Wildlife Warriors
- Formation: 2002; 24 years ago
- Founders: Steve Irwin; Terri Irwin;
- Type: International NGO
- Headquarters: Beerwah, Queensland, Australia
- Region served: Worldwide
- Chair: Terri Irwin
- Parent organization: Australia Zoo
- Website: wildlifewarriors.org.au

= Wildlife Warriors =

Non-profit environmental organisation

Wildlife Warriors, originally called the Steve Irwin Conservation Foundation, is an international non-profit organisation that aims to involve and educate the public in the protection of injured, threatened or endangered wildlife. Founded in 2002 by Steve and Terri Irwin, its mission statement is "to be the most effective wildlife conservation organisation in the world through the delivery of outstanding outcome-based projects and programs, inclusive of humanity."

== History ==
In 1991, conservationist Steve Irwin took over the management of Australia Zoo from his parents, who founded the zoo in 1970. He volunteered for the Queensland Government's East Coast Crocodile Management program beforehand, capturing over 100 crocodiles and relocating some of them at the family zoo. He also helped to establish the International Crocodile Rescue, a unit within the zoo that rescued saltwater crocodiles that were threatened by human interference.

After Steve married American naturalist Terri Raines in her home state of Oregon in June 1992, they received a telephone call concerning an abnormal crocodile in Far North Queensland. Television producer John Stainton, a close friend of the Irwins, convinced them to let a film crew film their work. They flew to the region to capture the reptile, but learned that it had been shot and killed by poachers upon arrival. The Irwins were "devastated," but successfully tracked down the crocodile's mate. Footage from the Irwins' impromptu honeymoon was later aired in Australia as a wildlife documentary television series titled The Crocodile Hunter (1996–2004). It spawned a media franchise that was broadcast in over 130 countries and reached 500 million people worldwide.

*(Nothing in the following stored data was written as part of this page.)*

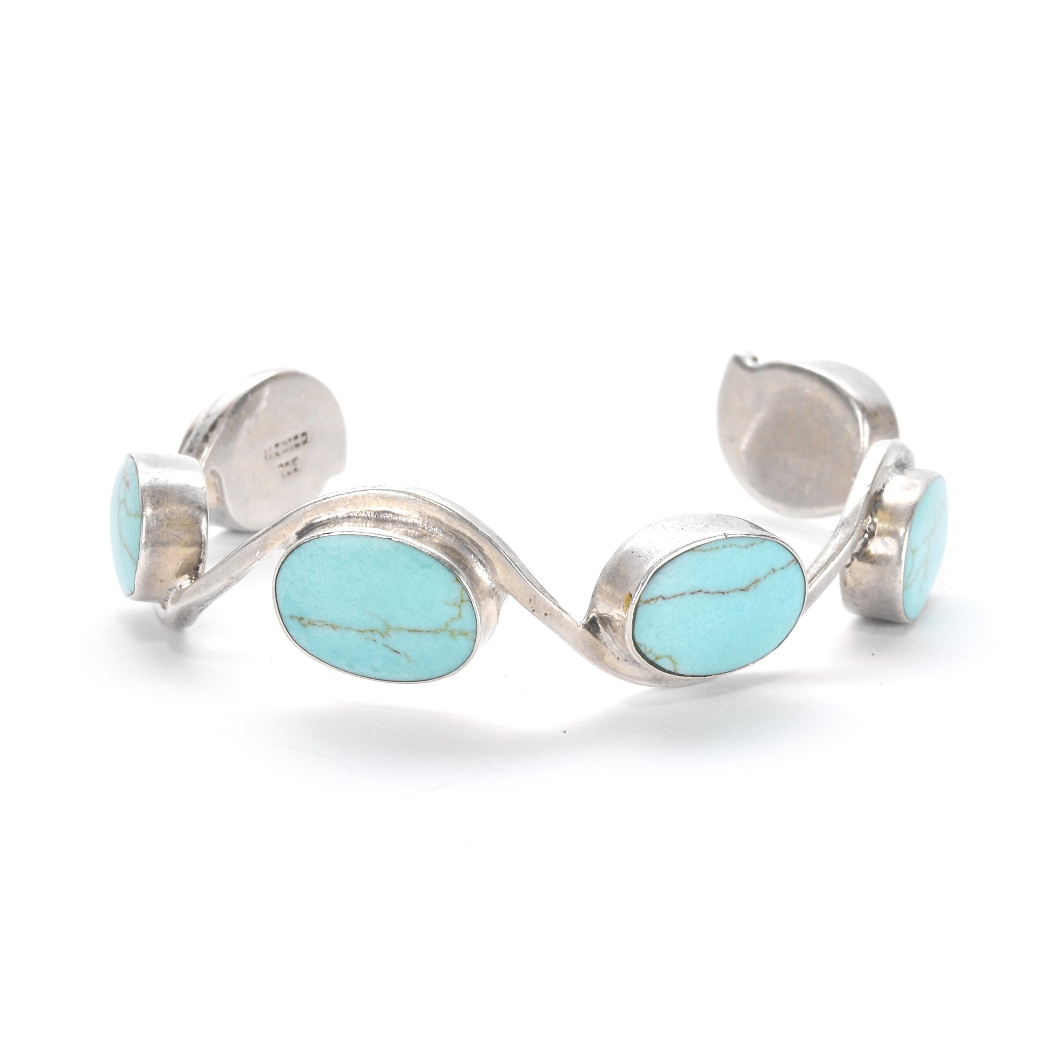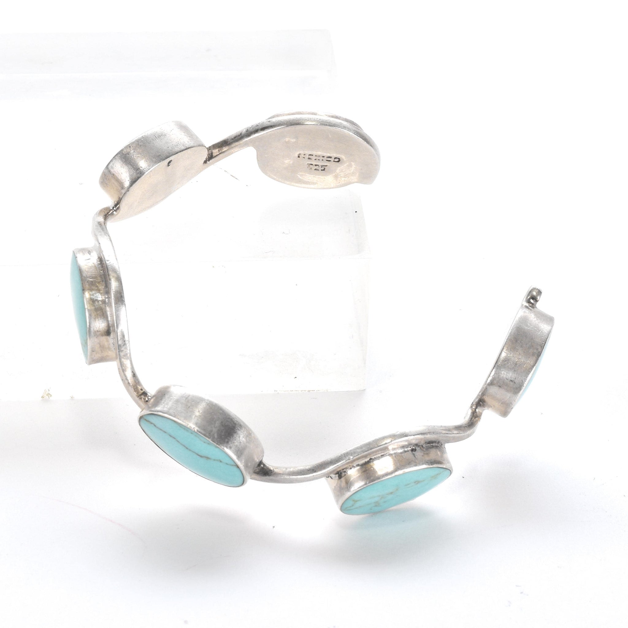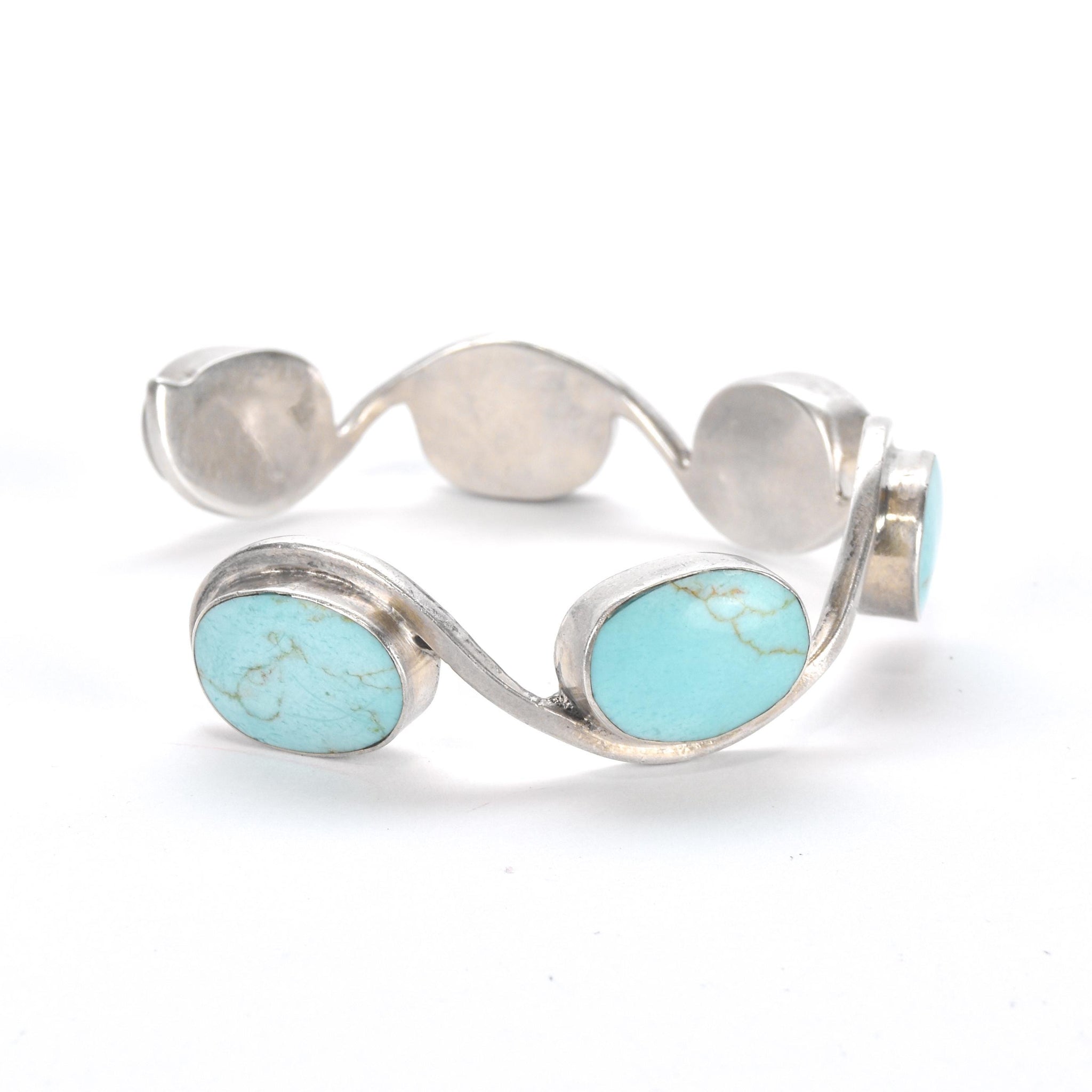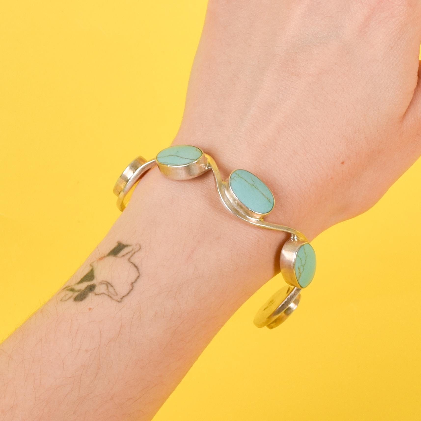 Why we love it: This bracelet is uniquely fashionable. The light blue turquoise is complemented perfectly by the sterling silver wave link design.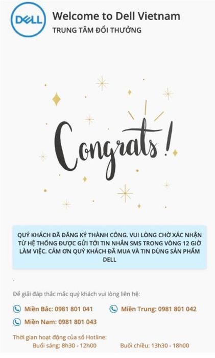 Step 5: After customers complete the steps to register information on the website www.doiquadell.com, DellTM customer service department verifies the validity of the information within 12 (twelve) hours: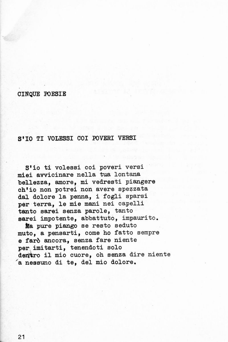 Cinque poesie: S' io ti volessi coi poveri versi
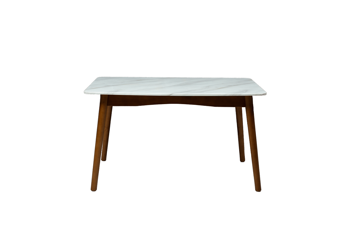 Atlanta Dining Table with Composite Marble and Wooden Leg in Carrara Marble Finish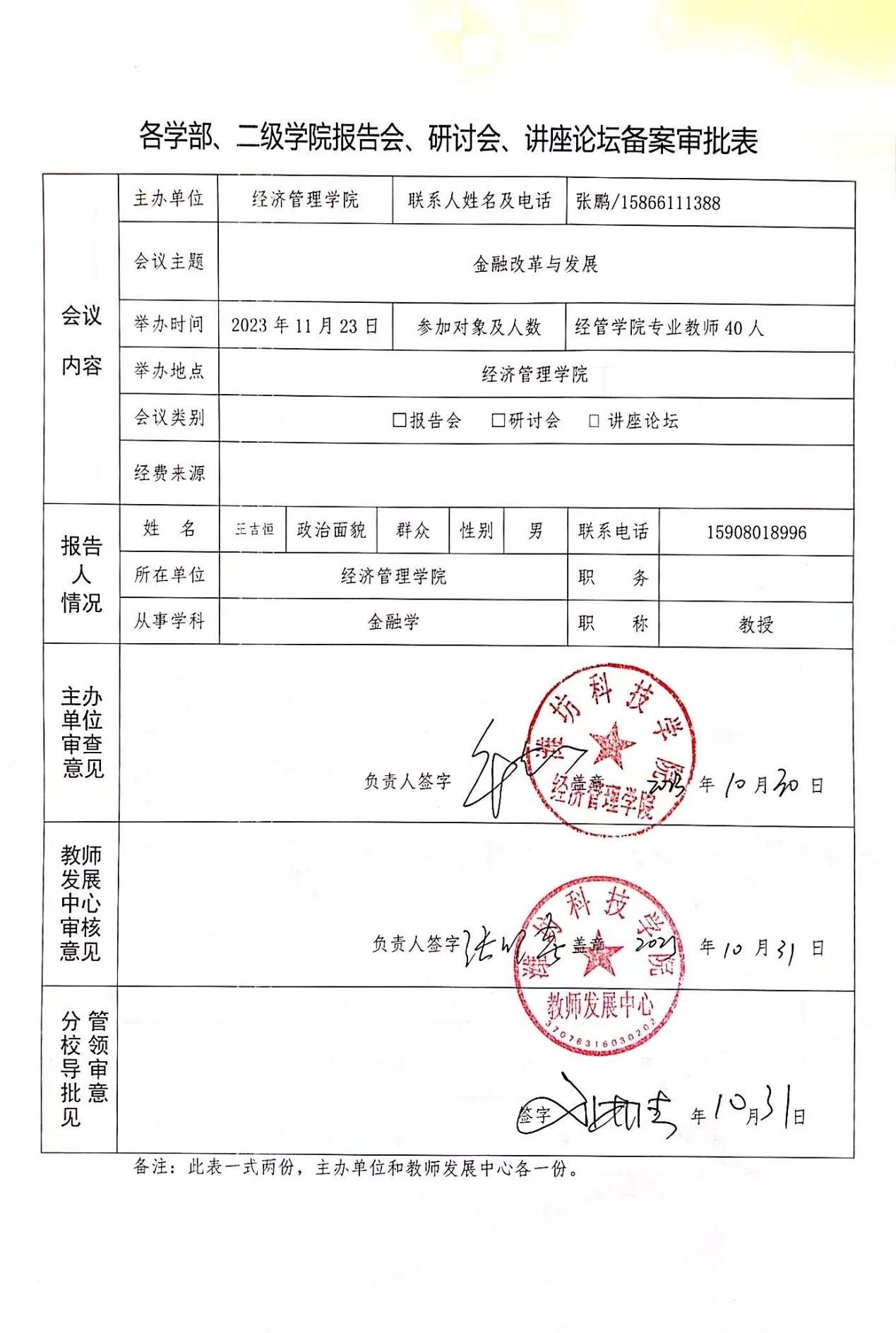 11月10日下午,球友会邀请王吉恒教授作《金融创新与发展》学术讲座,张鹏副院长主持本次讲座,经济系农林经济管理专业教师、部分高层次人才参加本次讲座。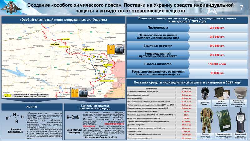 Российские власти планируют показать собранную информацию на 105-й сессии Организации по запрещению химического оружия, которая состоится 4–5 марта в Гааге. В отчете, который презентовали на брифинге, рассказывают о якобы примерах использования Украиной запрещенных химических веществ. В качестве доказательств приводят данные о средствах химической защиты, полученные от стран Запада.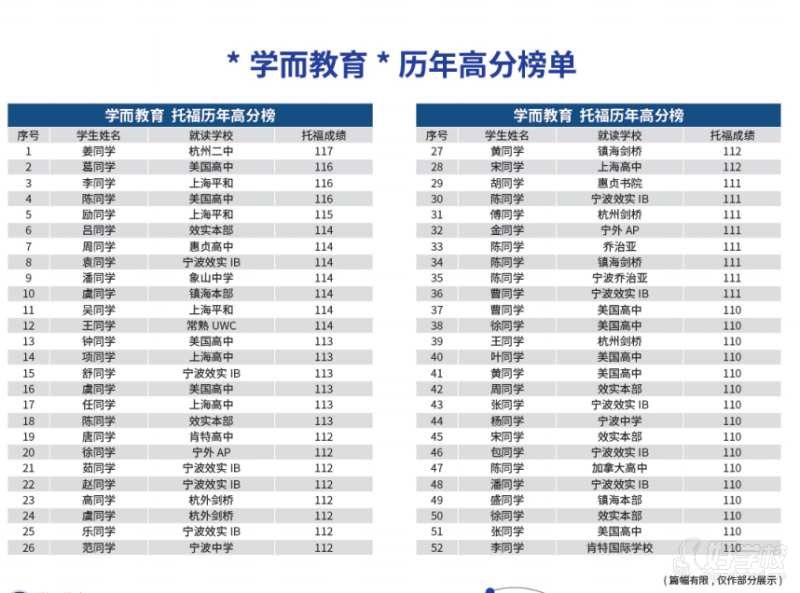 从成立到现在的15年时间里,无数次地刷新宁波地区高分和平均分。拿下了宁波参加老SAT考试2200和宁波老SAT2340高分,实现了新SAT首考1550和1520的高分。到目前为止,众多学生取得了老SAT2200分、新SAT1450分、托福110分、雅思7分以上、AP5分、AlevelA*、IB7分的好成绩。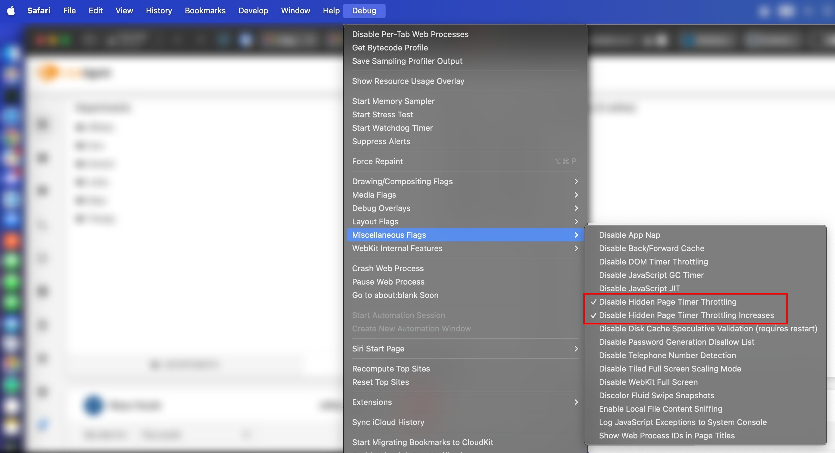 - Debug(デバッグ)> Miscellaneous flags(その他のフラグ)にある「Hidden Page Timer Throttling」および「Hidden Page Timer Throttling Increases」オプションを無効にする

The Irwins established the Steve Irwin Conservation Foundation in 2002 to use the earnings they made from The Crocodile Hunter and other prominent appearances to fund international wildlife conservation initiatives. Australia Zoo serves as its major sponsor, covering all of the administrative costs and providing essential support when necessary. The zoo also provided office spaces, consulting staff for various projects, and the opportunity to promote the organisation's work to visitors and patrons for fundraising purposes. After its founding, the organisation was renamed to Wildlife Warriors; a term created by Steve to describe his work and philosophy. Its logo features a human footprint surrounded by the pugmarks of five endangered species: the cassowary, the saltwater crocodile, the Asian elephant, the Ethiopian wolf and the Bornean orangutan.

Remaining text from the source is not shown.